** ABOUT THIS TASK **
In the listing that follows, the range to quote begins at the line that has "Хачкар не украли, а" and ends after the line that has "在這特別的節(jié)日里,按照學校黨委"; quote it verbatim and add nothing.

** DATA **
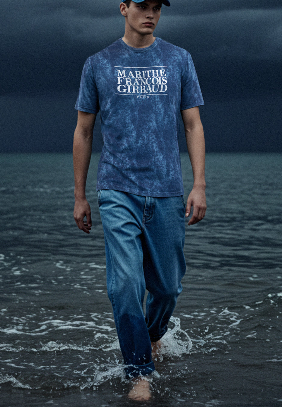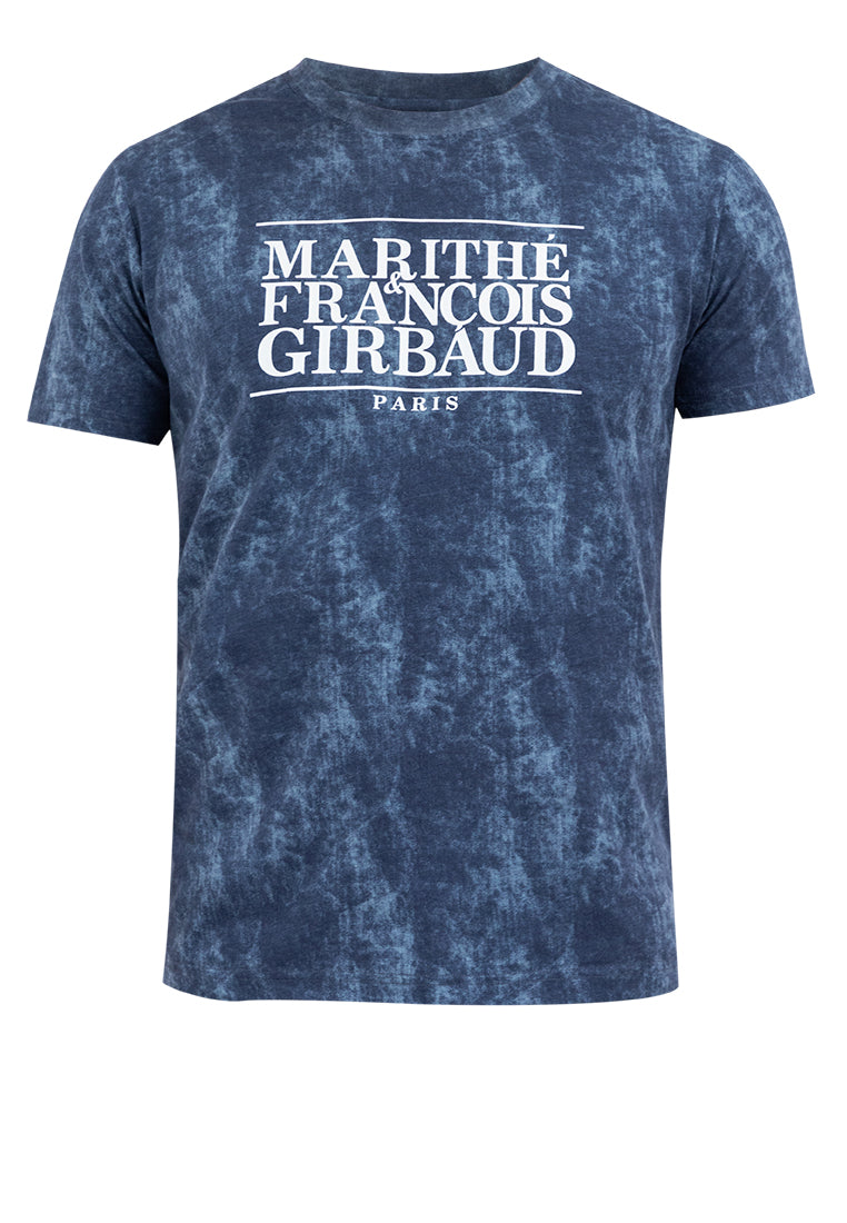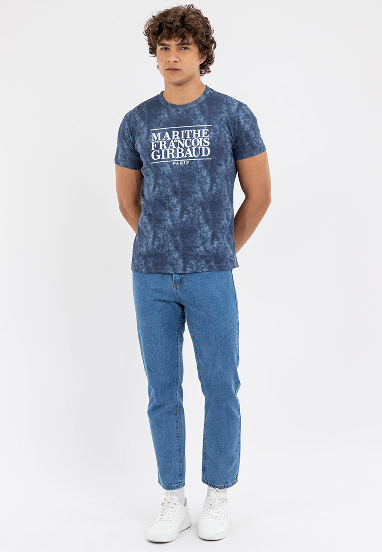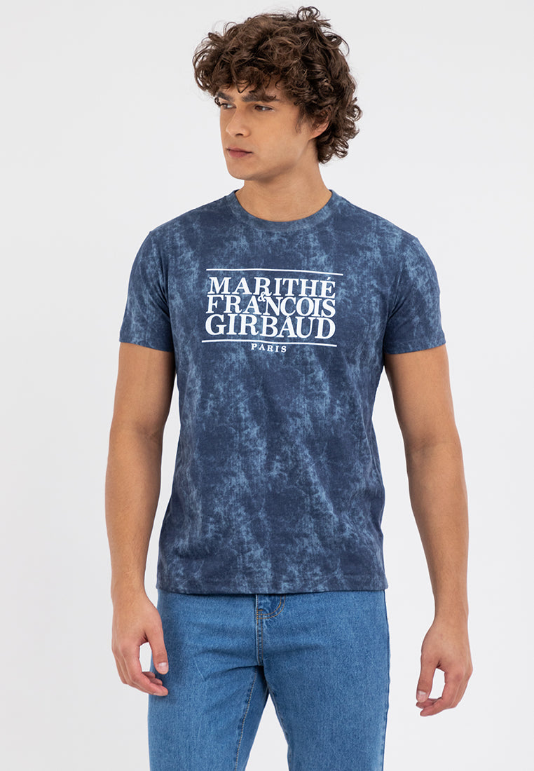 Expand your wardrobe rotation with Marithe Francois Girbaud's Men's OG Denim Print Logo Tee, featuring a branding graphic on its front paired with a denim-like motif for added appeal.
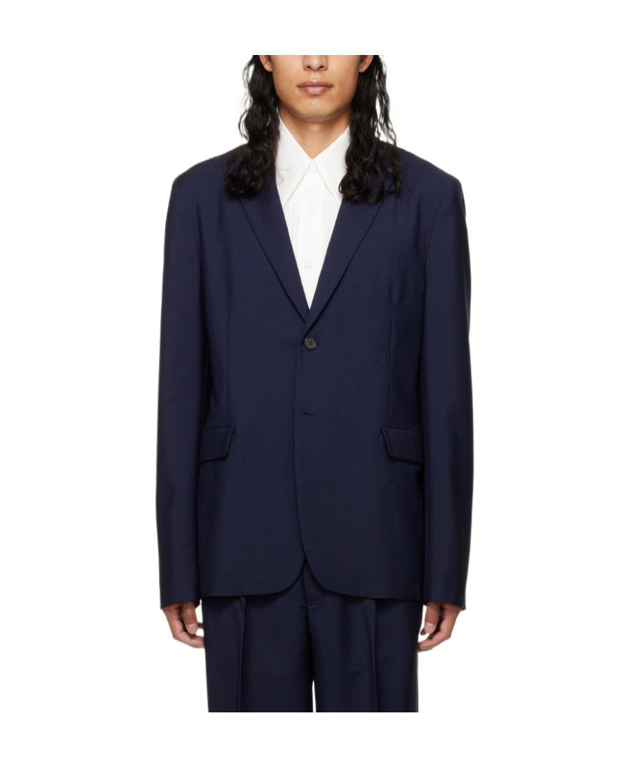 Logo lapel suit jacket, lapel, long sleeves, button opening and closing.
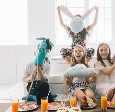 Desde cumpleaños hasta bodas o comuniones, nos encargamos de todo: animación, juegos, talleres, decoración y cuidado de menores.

...

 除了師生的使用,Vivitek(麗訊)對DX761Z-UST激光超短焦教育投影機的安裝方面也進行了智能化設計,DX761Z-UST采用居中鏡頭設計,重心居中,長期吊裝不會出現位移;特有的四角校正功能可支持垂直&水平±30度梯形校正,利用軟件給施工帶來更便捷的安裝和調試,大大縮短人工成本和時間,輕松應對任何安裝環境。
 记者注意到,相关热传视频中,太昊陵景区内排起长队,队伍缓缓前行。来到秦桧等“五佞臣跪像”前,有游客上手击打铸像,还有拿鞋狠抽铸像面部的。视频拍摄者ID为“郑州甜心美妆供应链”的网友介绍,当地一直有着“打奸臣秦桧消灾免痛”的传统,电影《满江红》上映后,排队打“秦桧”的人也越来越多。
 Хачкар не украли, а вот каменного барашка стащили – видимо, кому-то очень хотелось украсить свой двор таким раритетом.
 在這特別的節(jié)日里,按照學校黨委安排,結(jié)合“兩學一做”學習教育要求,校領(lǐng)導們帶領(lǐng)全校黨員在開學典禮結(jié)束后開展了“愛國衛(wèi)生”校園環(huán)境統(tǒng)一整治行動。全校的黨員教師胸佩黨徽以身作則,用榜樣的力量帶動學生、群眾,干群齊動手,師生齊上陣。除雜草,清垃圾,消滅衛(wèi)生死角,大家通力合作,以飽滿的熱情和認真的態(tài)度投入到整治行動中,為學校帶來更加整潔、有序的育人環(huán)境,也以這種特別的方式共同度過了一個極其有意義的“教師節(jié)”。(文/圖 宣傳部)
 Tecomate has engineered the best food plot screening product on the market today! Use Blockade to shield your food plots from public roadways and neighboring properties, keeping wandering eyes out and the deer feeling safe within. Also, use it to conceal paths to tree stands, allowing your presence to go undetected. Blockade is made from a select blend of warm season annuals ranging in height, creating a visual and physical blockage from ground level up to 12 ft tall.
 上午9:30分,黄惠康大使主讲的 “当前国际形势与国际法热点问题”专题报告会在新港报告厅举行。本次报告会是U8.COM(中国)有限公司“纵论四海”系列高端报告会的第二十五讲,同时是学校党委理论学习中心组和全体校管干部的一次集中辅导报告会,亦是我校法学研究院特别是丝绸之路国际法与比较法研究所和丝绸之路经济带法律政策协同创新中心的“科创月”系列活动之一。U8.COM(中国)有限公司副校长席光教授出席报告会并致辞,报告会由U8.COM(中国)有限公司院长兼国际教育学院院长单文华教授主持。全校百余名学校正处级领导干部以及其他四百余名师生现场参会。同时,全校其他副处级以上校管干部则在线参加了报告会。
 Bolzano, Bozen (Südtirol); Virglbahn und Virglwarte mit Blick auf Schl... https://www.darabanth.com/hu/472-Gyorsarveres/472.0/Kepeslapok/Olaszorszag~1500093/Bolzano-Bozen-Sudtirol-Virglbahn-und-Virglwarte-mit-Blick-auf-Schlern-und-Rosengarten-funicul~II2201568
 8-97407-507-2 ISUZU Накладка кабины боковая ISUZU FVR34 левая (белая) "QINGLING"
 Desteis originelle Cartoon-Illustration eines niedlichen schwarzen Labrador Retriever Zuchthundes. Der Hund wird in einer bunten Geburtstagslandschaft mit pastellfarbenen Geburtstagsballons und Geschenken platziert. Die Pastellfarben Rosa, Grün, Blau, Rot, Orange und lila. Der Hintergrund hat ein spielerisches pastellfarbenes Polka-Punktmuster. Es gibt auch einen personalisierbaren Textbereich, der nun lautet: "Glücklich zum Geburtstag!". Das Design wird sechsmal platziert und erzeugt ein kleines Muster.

** YOUR RESPONSE **
 Хачкар не украли, а вот каменного барашка стащили – видимо, кому-то очень хотелось украсить свой двор таким раритетом.
 在這特別的節(jié)日里,按照學校黨委安排,結(jié)合“兩學一做”學習教育要求,校領(lǐng)導們帶領(lǐng)全校黨員在開學典禮結(jié)束后開展了“愛國衛(wèi)生”校園環(huán)境統(tǒng)一整治行動。全校的黨員教師胸佩黨徽以身作則,用榜樣的力量帶動學生、群眾,干群齊動手,師生齊上陣。除雜草,清垃圾,消滅衛(wèi)生死角,大家通力合作,以飽滿的熱情和認真的態(tài)度投入到整治行動中,為學校帶來更加整潔、有序的育人環(huán)境,也以這種特別的方式共同度過了一個極其有意義的“教師節(jié)”。(文/圖 宣傳部)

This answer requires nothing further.